Oliver Cornely and Roman-Ulrich Müller are also working on minimizing bureaucracy. For example, urgent research proposals just sit in people’s inboxes. “We don’t want to accelerate development at the expense of patient safety,” they both agree. But to date, the German authorities and the Ethics Committee have not prioritized submitted studies; rather, they process them according to the date of receipt. “If such submissions were answered immediately, drugs could be developed more quickly,” Cornely warns. And Müller adds in general: “Purely in terms of the administrative process, we are experiencing major delays.”

Thankfully, artificial intelligence is speeding up processes elsewhere. This is where CECAD comes in. Researchers setting up a new trial will find tens of thousands of anonymized datasets from disease-specific cohorts as well as comparative values from healthy test subjects.
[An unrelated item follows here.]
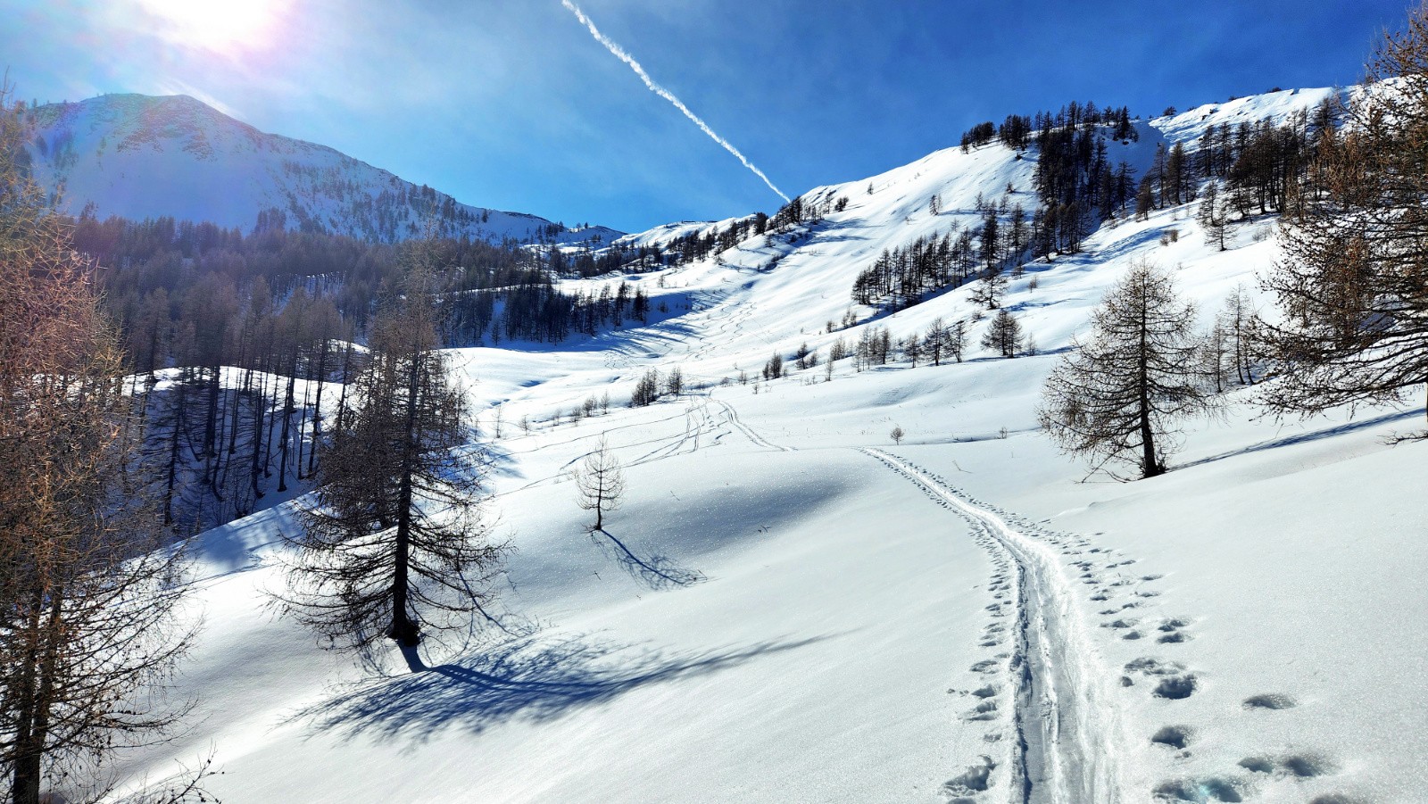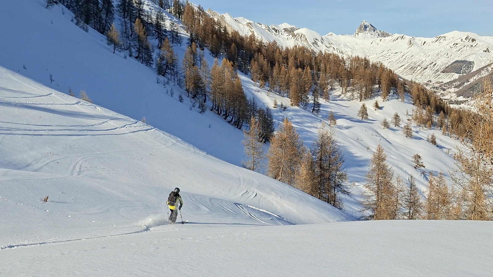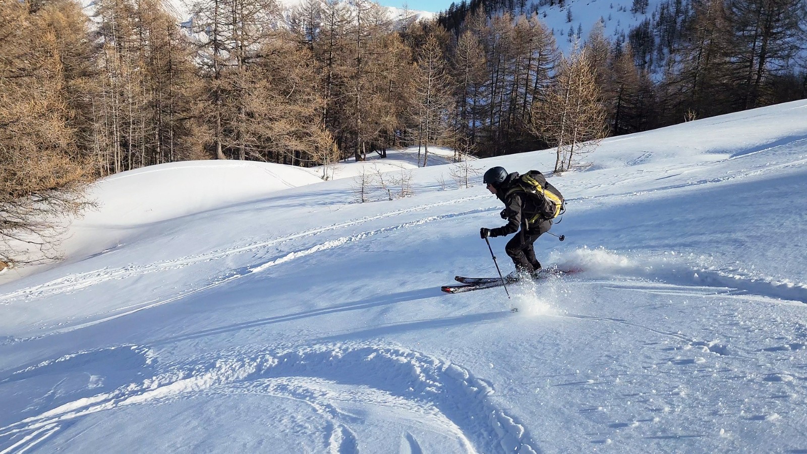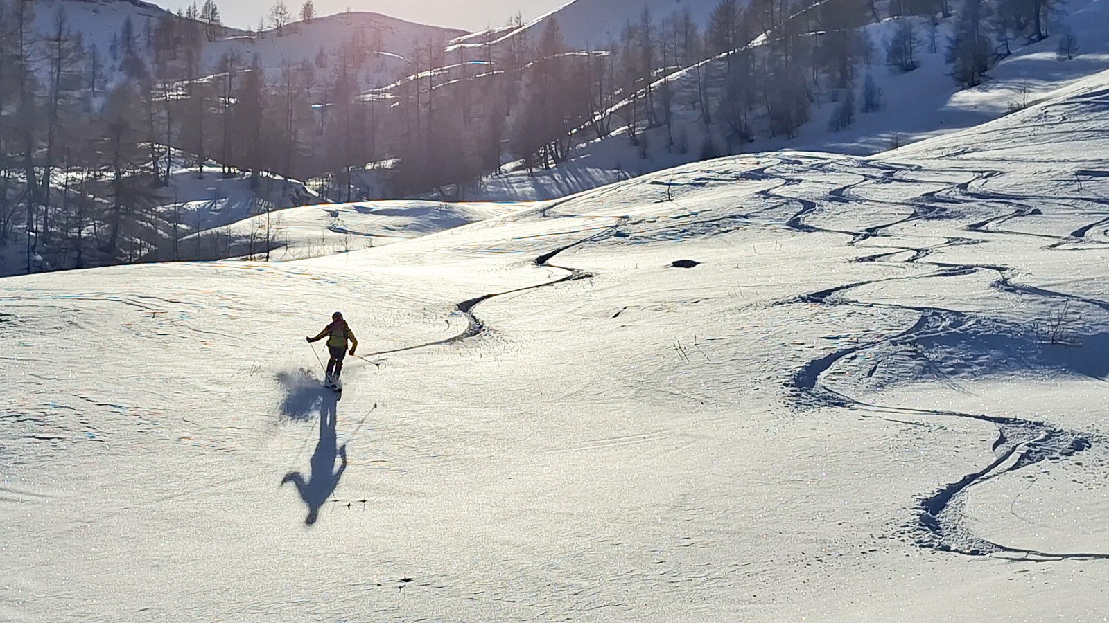 Ce vallon est de toute beauté et se prête vraiment au skirando, belles pentes continues du sommet à la voiture avec une bonne poudre sur les 500m du haut 👌

The fund extends to ‘real-world evidence’, the practical testing of new therapeutic approaches. Artificial intelligence analyses and links image data, laboratory values, genomics, doctors’ letters, and progress data. This helps AI identify predictive markers, potential drug candidates, and possible side effects more quickly.

Cornely and his team also use AI to develop practical treatment guidelines. They want to understand how effective new therapies are for doctors and carers. “That’s why we develop handouts for each new guideline in the form of apps or pocket cards in multiple languages,” says Cornely. ”This allows us to measure the utilization and guideline compliance of all those involved, and to derive the quality of treatment.” Thanks to feedback provided directly in the app, his team can quickly identify which recommendations need to be readjusted in the workflow. This project is also making waves far beyond the Rhine. “We are in constant contact with colleagues in 96 countries through our scientific networks,” Cornely is proud to report.

Müller and Cornely and their teams are working tirelessly to improve the situation for patients. You could say they are blessed with great endurance: an ability to go the extra mile. “We write many trial or funding applications at night after work,” says Müller. “We don't have time for that during the day.” Ultimately, the transfer from bench to bedside depends on everyone's commitment. ‘Hard work and creativity, that’s our approach,” Cornely concludes.

CECAD Translational Platform
Professor Dr Oliver Cornely, Dr Ruth Hanssen and Professor Dr Roman-Ulrich Müller lead the translational activities of the Cluster of Excellence. The platform comprises the CECAD Institute of Translation (CIT), the Clinical Trials Centre Cologne (CTCC), the CECAD Clinical Study Design Lab and the CECAD Biobank. It also coordinates a large network of internal and external partners.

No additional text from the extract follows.